Puntualmente però, alle prime difficoltà scoppiano le critiche attorno a De Raffaele. “Potrei metterli in fila i cantori del nostro de profundis: giornalisti, pseudotifosi. Se poi ogni volta li smentiamo con un trofeo, va bene così”. Forse chi contesta fatica a capire. “Il perché non ci interessa: siamo sempre stati coerenti sul lavoro e sulle idee. Abbiamo scelto di mantenere questo gruppo negli anni perché convinti che ognuno avesse ancora qualcosa da dare, spremendosi per raggiungere il 100 per cento. Un concetto troppo spesso trascurato: il basket di oggi è tutto e subito. C’è poca pazienza da parte dei club, ossessionati dai risultati. Alla Reyer i risultati sono parte di un progetto più ampio: fare coaching”.

 

Ha vinto tutto.
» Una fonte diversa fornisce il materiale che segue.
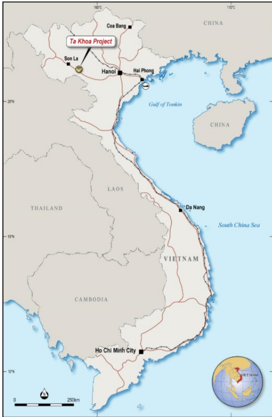
Figure 3: Ta Khoa Nickel-Cu-PGE – Project Location

The Ta Khoa Nickel-Cu-PGE Project in northern Vietnam includes an existing modern nickel mine which has been under care and maintenance since 2016 due to falling nickel prices. Existing infrastructure includes an internationally designed 450ktpa processing plant. Previous project owners focused mining and exploration efforts primarily on the MSV at Ban Phuc. Blackstone Minerals plans to explore both MSV and DSS targets throughout the project, initially within a 5km radius of the existing processing facility. Blackstone Minerals will conduct further geophysics on the MSV and DSS targets and continue its maiden drilling campaign. Online readers can click here for footage taken from our Ta Khoa Nickel-Cu-PGE Project.

Eppure non è un caso, se pensando alla partita clou della sua gestione, De Raffaele cita una sconfitta: “In Turchia contro il Pinar Karsiyaka. Ambiente ostile, bolgia sugli spalti e battaglia in campo. Dall’andamento pazzesco: sotto di 15 nel primo quarto, lì è venuto fuori il vero senso della squadra e abbiamo ricucito fino al -3, completando la rimonta al ritorno”. La Reyer finirà quarta, in quella Champions League 2017. “Facile scegliere gara 7 contro Sassari – il capolavoro dell’ultimo tricolore – o gara 5 contro Trento – lo spartiacque del precedente. Ma quel ko mi è rimasto dentro. Ci ha dato la percezione di quanto avremmo potuto fare nel lungo termine”. Insieme alla lunga vita on the road. Dove si forma l’anima di uno spogliatoio di basket: “Ne succedono davvero di tutti i colori, e di mezzo c’è spesso Stone – tipico chill guy: una volta, dopo una trasferta in Finlandia, dovevamo ripartire all’alba con un microaereo. Gelo, neve. Non riuscivamo più a trovare Julyan: era rimasto a letto. Arrivò comunque prima del nostro addetto stampa, che aveva rischiato di restare là per davvero. Così pagò la colazione a tutti. Che con i prezzi di Helsinki è come una cena di pesce a Mestre”.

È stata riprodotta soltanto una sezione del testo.